South Korea has demanded a "K" version that lacks windows messanger.

The obvious version creep and testing matrix is simply getting out of control.

To effectively solve this problem I propose one cut down version to satisfy them all!  Behold Windows "L" (for lame) edittion.

Its simple.  Set up a website where government (or any 2 bit company) can complain about anything in windows.  Say the word and Bam! its gone.  Windows "L" just got a little bit lamer.

Just think about how much you could save in media and support by installing and running Windows L.  Windows Lame edition: No Patchguard or Security Center for Symantec, No IE search bar for Google and Yahoo, well really no IE at all to satisfy Firefox and OS.  Office Lame edition could have no PDF or XPS support, by default or for download. 

We really should extend the new spirit of cooperation to all the other losers who have wasted our time in the past whining about progress. We could really make Netscape the default browser, presuming we could still find a codebase that actually compiles.  Of course we couldn't actually run Netscape because there wouldn't be a GUI; a necessary concession to Apple's former legal response to Microsoft competition.  I'd even remove the file system because the excellent minds at Samba couldn't reverse engineer it correctly.  I hope you understand that I am really going out of my way to please everyone here. 

There you have it, every legislator's dream: a completely unobjectionable version of windows and office.  I think I will assist this effort by providing the entire, compilable source code, absolutely copyright and royalty free.

#include <stdio.h>

void main () {
    // printf("Hello World!");
    printf("Windows Vista L Edition Version 6.0.0.1");
    printf("C:\");
}
John Melville, MD wrote:

#include <stdio.h>

void main () {
    // printf("Hello World!");
    printf("Windows Vista L Edition Version 6.0.0.1");
    printf("C:\");
}


This won't compile. And  it should be int main( int  argc, char *argv[])
W3bbo
W3bbo
The Master of Baiters
Rossj wrote:
This won't compile. And  it should be int main( int  argc, char *argv[])


You can have an int main without arguments.
W3bbo wrote:

Rossj wrote:This won't compile. And  it should be int main( int  argc, char *argv[])


You can have an int main without arguments.


You're right, hardly as if he is going to pass command line args to it, and come to think of it, although the int return is the correct way of doing it, it is probably overkill as it is unlikely to actually return anything as there is nothing to return to.

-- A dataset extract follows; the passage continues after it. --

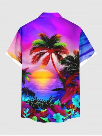Plus Size Coconut Tree Sun Flowers Seascape Print Buttons Pocket Hawaii Shirt For Men - Purple - 5xl

As you can tell I was just being arsey, I seem to have woken up in a bad mood today.
W3bbo
W3bbo
The Master of Baiters
Rossj wrote:
as it is unlikely to actually return anything as there is nothing to return to.


Chapter 1 of any C/C++ programming manual says the returned integer is to report to the host OS the program's reason for ending (0 for normal, !0 for errors)

Rossj wrote:
As you can tell I was just being arsey, I seem to have woken up in a bad mood today.


Cheer up, it happens to all of us
Sven Groot
Sven Groot
My name has 9 letters. Coincidence? I think not...
Actually, it depends on whether it's C or C++. According to the C++ standard, void main() is illegal - main must always return int in C++. But the C standard says that main may be defined however the implementation wants it to be defined, so that makes void main legal in C, as long as your compiler supports it.

In C++, although main must have a return type of int, you can still omit the "return" statement at the end, in which case the return value is implicitly zero. This is said in section 3.6.1 of the ISO C++ standard: "If control reaches the end of main without encountering a return statement, the effect is that of executing return 0;"
W3bbo wrote:

Rossj wrote:as it is unlikely to actually return anything as there is nothing to return to.


Chapter 1 of any C/C++ programming manual says the returned integer is to report to the host OS the program's reason for ending (0 for normal, !0 for errors)


I know (and don't really need a lecture on C Smiley ), but it *is* the host OS with nothing to return to.

I know it was only a joke, and almost funny, but it does raise the question of how tightly coupled some of these apps are to the rest of Windows.  I can see the 'this app requires Windows' dependencies, but why might there be 'Windows requires this app' beyond user interaction reasons.